You might also note that in either case this is better resolution than that given by an unfiltered 100A Allegro sensor.

Ciao,
Lenny

Thanks Blake.

Given that I and several others have successfully used IR motor compensation with unfiltered Allegro sensors, and the Roboteq battery current is more precise than that, it's only estimated motor current when PWM is less than 200 (20%) that poses a problem. Given that a recent controller failure damaged and eventually destroyed the Allegro sensors, leading to a 500 msec runaway in reverse, and that I haven't been able to think of a way to make them "safe-fail", I have been re-thinking use of estimated motor current for this purpose. At this point I have gotten motor compensation using estimated current to work smoothly and precisely. It involves three things:

(1) If (abs(Throttle) + abs (Steering)) > 0 and BatteryCurrent < 20 (0.2 Amps) add 20 to the battery current so that there will be some compensation even when just starting out.

(2) If PWM < 200, boost BatteryCurrent by a small multiplier (3 works out well on my daughter's chair) at 0 PWM declining linearly to 0 at PWM = 200. This partially removes the increasing underestimate of low motor currents one gets with MotorCurrent (for PWM < 200) = BatteryCurrent/0.2 without the wild excursions toward infinity that one gets with the basic MotorCurrent = BatteryCurrent/(PWM fraction).

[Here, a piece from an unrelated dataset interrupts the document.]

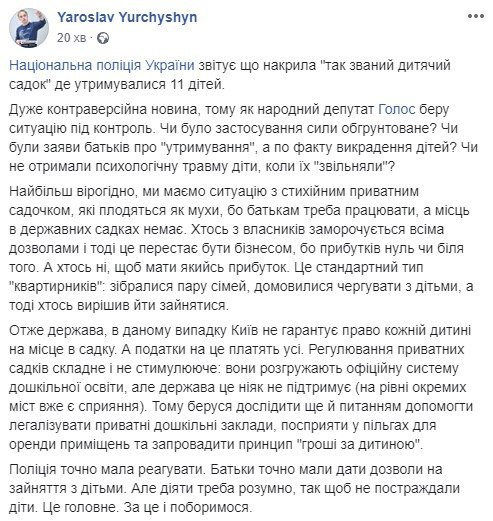 Користувачів мережі обурила ситуація з обшуком дитячого садка Києва, в якому поліція не виявила дозвільних документів.

(3) Because turning with neither forward nor backward movement has a high torque demand, especially on difficult surfaces such as carpet or rough concrete, an R value that gives safe motor compensation at high speeds (IR motor compensation is positive feedback, hence requires caution) can give very sluggish behavior in a turn-in-place. This is strongly dependent on the weight and CG of the chair, but increasing R when not moving forward or back safely overcomes this hesitation. Because the extra compensation needed will vary a lot for different geometries, I have used two parameters: first, the increment of R to apply when ForeAftPower = (abs(GetValue(_MOTPWR,1)+GetValue(_MOTPWR,2)))/2 = 0. Second, a limiting value of ForeAftPower at which the additional R disappears, with a linear decrease from ForeAftPower = 0 to ForeAftePower = TurnBoostLimit. (Note: this turn-in-place strategy is needed with current sensors as well for chairs with heavily loaded casters.)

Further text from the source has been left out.